Segment Start: GIVEN MATERIAL

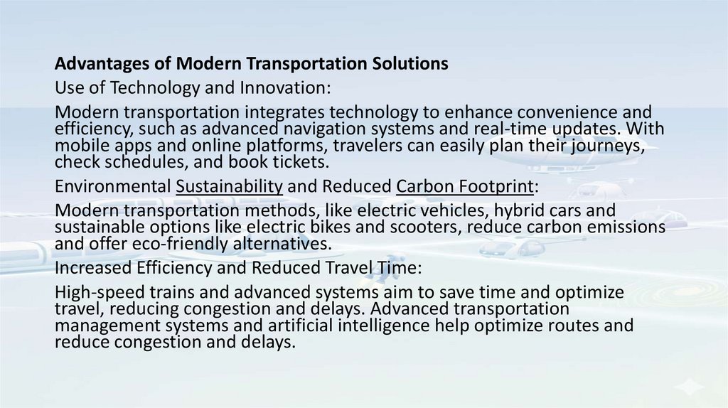 Advantages of Modern Transportation SolutionsUse of Technology and Innovation:
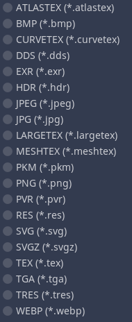 통상 프로젝트 리소스 중에서 불러오기를 하는데 bmp, jpg, jpeg, png, svg, svgz, tga를 비롯한 다양한 비트맵 이미지와 벡터 이미지를 지원하고 스프라이트 시트라고 부르는 아틀라스 텍스처 등도 지원한다.
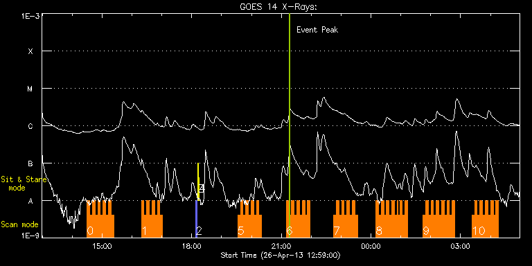 EIS Observation timeline overlay to GOES-Xray curve Code 1" 2" 40" 266" EIS Observations list for this event: STUDY ACRONYM ID DATE OBSERVED DESCRIPTION NOAA# TARGET 0 HH_Flare+AR_180x152 | 33174 | 2013/04/26 14:29:43 | AR 11726 Raster Scan Obs | 1726 | Flare TIMELINE ID DATE OBSERVED FITS FILE XCEN (+W/-E) YCEN (+N/-S) DUR ----------------------------------------------------------------------------------------------------------------- 33174 | 2013/04/26 14:29:43.000 | eis_l0_20130426_142943.fits.gz | 891.69 | 209.30 | 5m18s 33174 | 2013/04/26 14:35:04.000 | eis_l0_20130426_143504.fits.gz | 891.61 | 209.46 | 5m18s 33174 | 2013/04/26 14:40:24.000 | eis_l0_20130426_144024.fits.gz | 891.61 | 209.46 | 5m18s 33174 | 2013/04/26 14:45:45.000 | eis_l0_20130426_144545.fits.gz | 891.53 | 209.30 | 5m18s 33174 | 2013/04/26 14:51:05.000 | eis_l0_20130426_145105.fits.gz | 891.53 | 209.38 | 5m19s 33174 | 2013/04/26 14:56:27.000 | eis_l0_20130426_145627.fits.gz | 891.61 | 209.30 | 5m18s 33174 | 2013/04/26 15:01:48.000 | eis_l0_20130426_150148.fits.gz | 891.61 | 209.30 | 5m18s 33174 | 2013/04/26 15:07:09.000 | eis_l0_20130426_150709.fits.gz | 891.69 | 209.38 | 5m18s 33174 | 2013/04/26 15:12:30.000 | eis_l0_20130426_151230.fits.gz | 891.61 | 209.46 | 5m17s 33174 | 2013/04/26 15:17:50.000 | eis_l0_20130426_151750.fits.gz | 891.61 | 209.38 | 5m18s 1 HH_Flare+AR_180x152 | 33173 | 2013/04/26 16:18:43 | AR 11726 Raster Scan Obs | 1726 | Flare TIMELINE ID DATE OBSERVED FITS FILE XCEN (+W/-E) YCEN (+N/-S) DUR ----------------------------------------------------------------------------------------------------------------- 33173 | 2013/04/26 16:18:43.000 | eis_l0_20130426_161843.fits.gz | 891.61 | 209.30 | 5m18s 33173 | 2013/04/26 16:24:04.000 | eis_l0_20130426_162404.fits.gz | 891.53 | 209.30 | 5m18s 33173 | 2013/04/26 16:29:25.000 | eis_l0_20130426_162925.fits.gz | 891.61 | 209.38 | 5m18s 33173 | 2013/04/26 16:34:46.000 | eis_l0_20130426_163446.fits.gz | 891.61 | 209.38 | 5m19s 33173 | 2013/04/26 16:40:07.000 | eis_l0_20130426_164007.fits.gz | 891.53 | 209.54 | 5m18s 33173 | 2013/04/26 16:45:28.000 | eis_l0_20130426_164528.fits.gz | 891.61 | 209.38 | 5m18s 33173 | 2013/04/26 16:50:49.000 | eis_l0_20130426_165049.fits.gz | 891.61 | 209.38 | 5m18s 33173 | 2013/04/26 16:56:10.000 | eis_l0_20130426_165610.fits.gz | 891.61 | 209.46 | 5m18s 2 PRY_slot_contextLITE | 33158 | 2013/04/26 18:08:20 | EIS AIA alignment | | Active Region TIMELINE ID DATE OBSERVED FITS FILE XCEN (+W/-E) YCEN (+N/-S) DUR ----------------------------------------------------------------------------------------------------------------- 33158 | 2013/04/26 18:08:20.000 | eis_l0_20130426_180820.fits.gz | -15.29 | -0.50 | 2m56s 3 Alignment_266 | 33159 | 2013/04/26 18:12:06 | EIS AIA alignment | | Quiet Sun TIMELINE ID DATE OBSERVED FITS FILE XCEN (+W/-E) YCEN (+N/-S) DUR ----------------------------------------------------------------------------------------------------------------- 33159 | 2013/04/26 18:12:06.000 | eis_l0_20130426_181206.fits.gz | -132.49 | -0.65 | 1m22s 4 XRT_synop_AIA | 33160 | 2013/04/26 18:14:36 | EIS AIA alignment | | Quiet Sun TIMELINE ID DATE OBSERVED FITS FILE XCEN (+W/-E) YCEN (+N/-S) DUR ----------------------------------------------------------------------------------------------------------------- 33160 | 2013/04/26 18:14:36.000 | eis_l0_20130426_181436.fits.gz | -132.57 | -0.50 | 10s 5 HH_Flare+AR_180x152 | 33169 | 2013/04/26 19:32:20 | AR 11726 Raster Scan Obs | 1726 | Flare TIMELINE ID DATE OBSERVED FITS FILE XCEN (+W/-E) YCEN (+N/-S) DUR ----------------------------------------------------------------------------------------------------------------- 33169 | 2013/04/26 19:32:20.000 | eis_l0_20130426_193220.fits.gz | 891.61 | 209.30 | 5m17s 33169 | 2013/04/26 19:37:40.000 | eis_l0_20130426_193740.fits.gz | 891.53 | 209.46 | 5m18s 33169 | 2013/04/26 19:43:01.000 | eis_l0_20130426_194301.fits.gz | 891.61 | 209.46 | 5m17s 33169 | 2013/04/26 19:48:21.000 | eis_l0_20130426_194821.fits.gz | 891.53 | 209.46 | 5m18s 33169 | 2013/04/26 19:53:41.000 | eis_l0_20130426_195341.fits.gz | 891.53 | 209.38 | 5m19s 33169 | 2013/04/26 19:59:03.000 | eis_l0_20130426_195903.fits.gz | 891.46 | 209.38 | 5m18s 33169 | 2013/04/26 20:04:24.000 | eis_l0_20130426_200424.fits.gz | 891.53 | 209.38 | 5m18s 33169 | 2013/04/26 20:09:45.000 | eis_l0_20130426_200945.fits.gz | 891.69 | 209.30 | 5m18s 33169 | 2013/04/26 20:15:06.000 | eis_l0_20130426_201506.fits.gz | 891.61 | 209.30 | 5m17s 6 HH_Flare+AR_180x152 | 33170 | 2013/04/26 21:09:40 | AR 11726 Raster Scan Obs | 1726 | Flare TIMELINE ID DATE OBSERVED FITS FILE XCEN (+W/-E) YCEN (+N/-S) DUR ----------------------------------------------------------------------------------------------------------------- 33170 | 2013/04/26 21:09:40.000 | eis_l0_20130426_210940.fits.gz | 891.61 | 209.38 | 5m19s 33170 | 2013/04/26 21:15:02.000 | eis_l0_20130426_211502.fits.gz | 891.61 | 209.38 | 5m17s 33170 | 2013/04/26 21:20:22.000 | eis_l0_20130426_212022.fits.gz | 891.61 | 209.38 | 5m17s 33170 | 2013/04/26 21:25:42.000 | eis_l0_20130426_212542.fits.gz | 891.61 | 209.46 | 5m18s 33170 | 2013/04/26 21:31:03.000 | eis_l0_20130426_213103.fits.gz | 891.61 | 209.38 | 5m17s 33170 | 2013/04/26 21:36:23.000 | eis_l0_20130426_213623.fits.gz | 891.61 | 209.38 | 5m17s 33170 | 2013/04/26 21:41:43.000 | eis_l0_20130426_214143.fits.gz | 891.61 | 209.23 | 5m18s 33170 | 2013/04/26 21:47:04.000 | eis_l0_20130426_214704.fits.gz | 891.61 | 209.46 | 5m18s 33170 | 2013/04/26 21:52:25.000 | eis_l0_20130426_215225.fits.gz | 891.53 | 209.61 | 5m18s 7 HH_Flare+AR_180x152 | 33171 | 2013/04/26 22:44:43 | AR 11726 Raster Scan Obs | 1726 | Flare TIMELINE ID DATE OBSERVED FITS FILE XCEN (+W/-E) YCEN (+N/-S) DUR ----------------------------------------------------------------------------------------------------------------- 33171 | 2013/04/26 22:44:43.000 | eis_l0_20130426_224443.fits.gz | 891.53 | 209.54 | 5m18s 33171 | 2013/04/26 22:50:04.000 | ei

Segment End: GIVEN MATERIAL

#### EXERCISE:
Print the data above verbatim from the first line through the line holding "통상 프로젝트 리소스", leaving every picture out.

#### ANSWER TO THE EXERCISE:
 Advantages of Modern Transportation SolutionsUse of Technology and Innovation:
 통상 프로젝트 리소스 중에서 불러오기를 하는데 bmp, jpg, jpeg, png, svg, svgz, tga를 비롯한 다양한 비트맵 이미지와 벡터 이미지를 지원하고 스프라이트 시트라고 부르는 아틀라스 텍스처 등도 지원한다.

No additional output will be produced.